On the other hand, there is a substantial indirect effect, which disadvantages African American infant mortality among "compromised" births (Table 5). The results in Table 2 indicate that this association is largely due to a change in shape of the reverse-J-shaped birth weight specific mortality curve between the races. This could be due to an interaction of race and birth weight on infant mortality, or due to a violation of no unmeasured confounding assumptions b or c. It is also equivalent to the interaction [6] required by Figure 1a and also possible in Figure 1b, both of which require that birth weight be on the "causal pathway" to infant mortality. In any event an association between birth weight and infant mortality can not be excluded, and it remains possible that birth weight has a "causal" effect on infant mortality among these "compromised" births.

Overall, the findings suggest that interventions with respect to birth weight will not reduce racial disparities in mortality among "normal" births, but might reduce them among "compromised" births. Identification of the exact mechanisms and whether birth weight plays a "causal" role conditional on "compromised" birth will require additional analysis, i.e. control of potential confounding. The "compromised" subpopulation accounts for about 29-41% of the observed racial disparity for females and males respectively (Table 4).

If our hypothesis concerning the selection effects of fetal loss on observed racial disparities is correct, then the total racial disparity is higher than observed, and the proportion of the disparity due to the "compromised" subpopulation is larger than observed.

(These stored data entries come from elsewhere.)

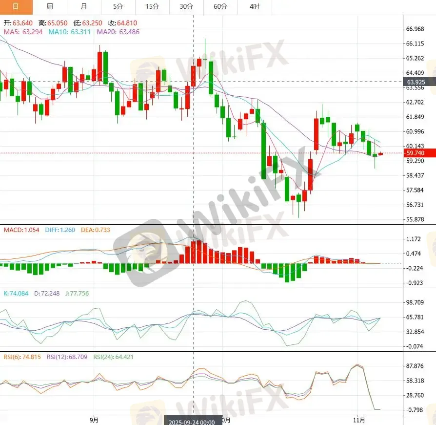 原油价格回归59.64-61.94美元震荡区间,缓解短期看空压力。日线图震荡指标仍处负值区域,显示看空压力未消:若跌破59.00美元心理关口,可能下探10月20日55.96美元低点,需持续回升至周四高点60.51美元上方,方有望突破61.94美元区间上边界。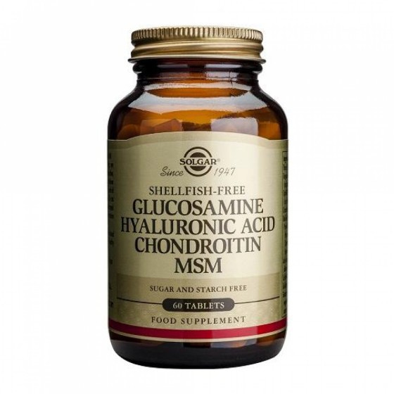 Solgar glucosamina, ácido hialurónico, condriotina e MSM é um suplemento alimentar que fornece glucosamina, ácido hialurónico, condriotina e MSM. A glucosamina presente neste suplemento alimentar é isenta de derivados de mariscos.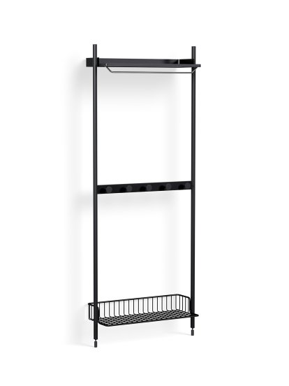 | Matériaux | Étagères : tôle d'acier, poudrée en noir Suspension de la barre : acier chromé Tringle de vestiaire : aluminium extrudé avec boutons en aluminium moulé sous pression Panier en fil métallique : tige et fil d'acier, revêtement époxy noir Armoire : tôle d'acier, revêtement époxy noir avec porte en aluminium à fermeture magnétique Connecteurs : aluminium Colonnes : aluminium anodisé noir avec surface satinée et embout/patins en plastique |

The confounding, represented by the mixing proportion, accounts for an additional 17-21% of the observed racial disparity for males and females, respectively (Table 4). Nevertheless, completely eliminating the "compromised" subpopulation would a) reduce both the low and the macrosomic birth weight rates, which are generally associated with elevated infant mortality in both African and European American birth cohorts, b) reduce the size of the racial disparity if direct standardization based on the European American distribution are accepted, c) reduce the size of the disparity yet again if our hypothesis concerning the selection effects of fetal loss in the "compromised" subpopulation is correct and included as a potential bias, but d) still result in a population with a racial disparity of 1.9 and 1.8 for females and males, respectively (Table 5), about the level of the relative risk currently observed in the raw data (2.1 for both sexes, Table 1).